■ **What is being asked**:
Each line below should be repeated exactly, but no picture should be carried over.

■ **Data extract**:
>>>

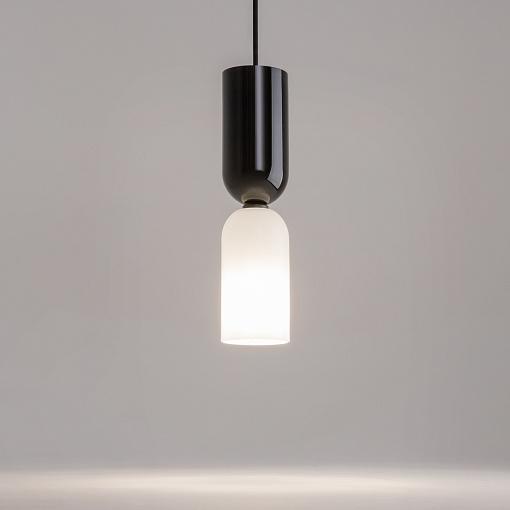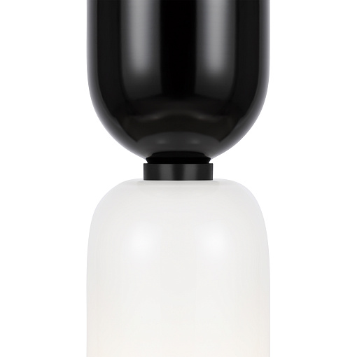 Металлическая арматура, цвет - черный. Светильники стилизованы под форму песочных часов с обтекаемой формой. Керамические элементы с глянцеовй глазурью. Подвесные светильники с плафонами из белой керамики с прозрачным, черно-белым, золото-белым и белым стеклом. Регулируемая высота подвесных светильников.
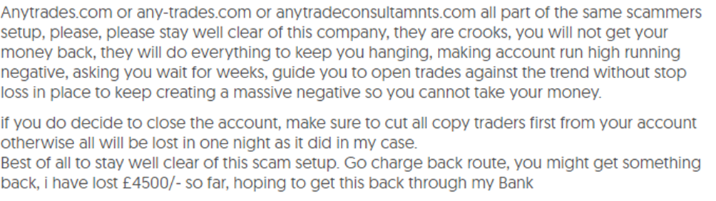 A quick search reveals a plethora of negative reviews from clients who have interacted with AnyTrades. Common complaints include:
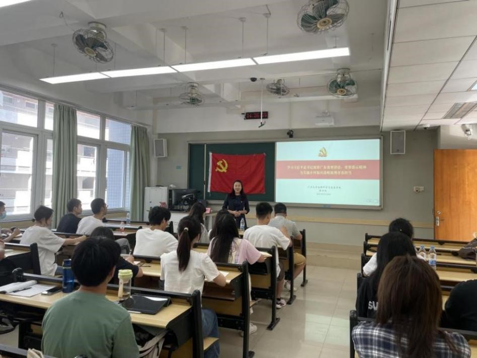 开班典礼结束后,地理科学与遥感学院党委书记陈宇红副教授带来“学习习近平总书记视察广东重要讲话、重要指示精神,为实施乡村振兴战略展现青春担当”主题党课。
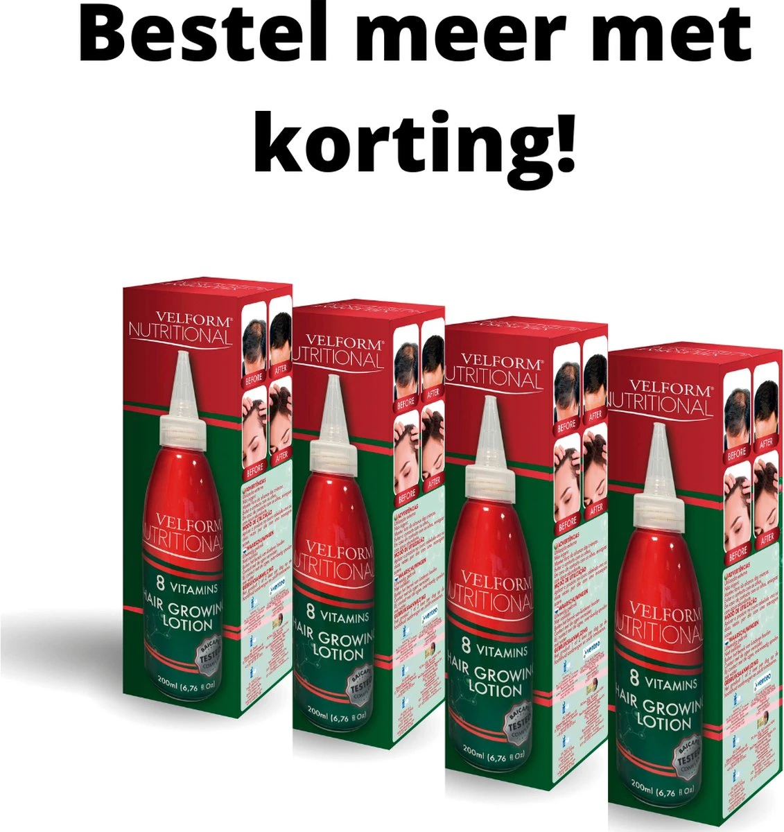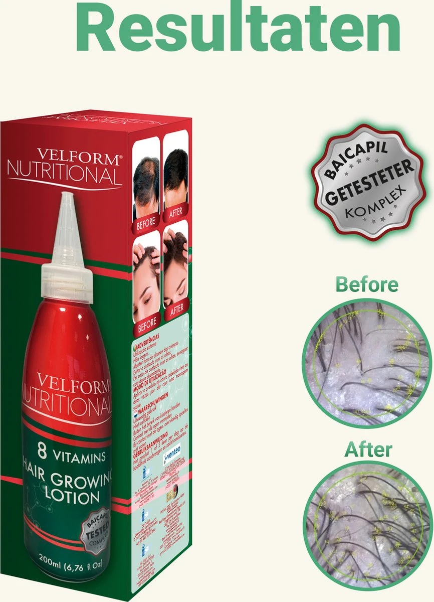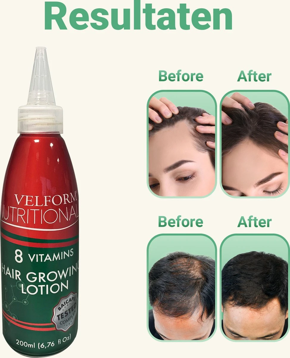 Uit verschillende testen bleek dat Velform Nutritional bij zowel mannen als vrouwen voor een mooie haardos zorgt. Het haar werd weer voller en dikker waardoor kale plekjes verdwenen. Het optimale gebruik van Velform Nutritional bij elke wasbeurt zorgt ervoor dat haargroei wordt bevorderd. De aanwezige proteïnen en vitamines zorgen voor een gezonde hoofdhuid waar haarfollikels weer kunnen ademen en stevig kunnen groeien.

<<<

■ **Output for this task**:
 Металлическая арматура, цвет - черный. Светильники стилизованы под форму песочных часов с обтекаемой формой. Керамические элементы с глянцеовй глазурью. Подвесные светильники с плафонами из белой керамики с прозрачным, черно-белым, золото-белым и белым стеклом. Регулируемая высота подвесных светильников.
 A quick search reveals a plethora of negative reviews from clients who have interacted with AnyTrades. Common complaints include:
 开班典礼结束后,地理科学与遥感学院党委书记陈宇红副教授带来“学习习近平总书记视察广东重要讲话、重要指示精神,为实施乡村振兴战略展现青春担当”主题党课。
 Uit verschillende testen bleek dat Velform Nutritional bij zowel mannen als vrouwen voor een mooie haardos zorgt. Het haar werd weer voller en dikker waardoor kale plekjes verdwenen. Het optimale gebruik van Velform Nutritional bij elke wasbeurt zorgt ervoor dat haargroei wordt bevorderd. De aanwezige proteïnen en vitamines zorgen voor een gezonde hoofdhuid waar haarfollikels weer kunnen ademen en stevig kunnen groeien.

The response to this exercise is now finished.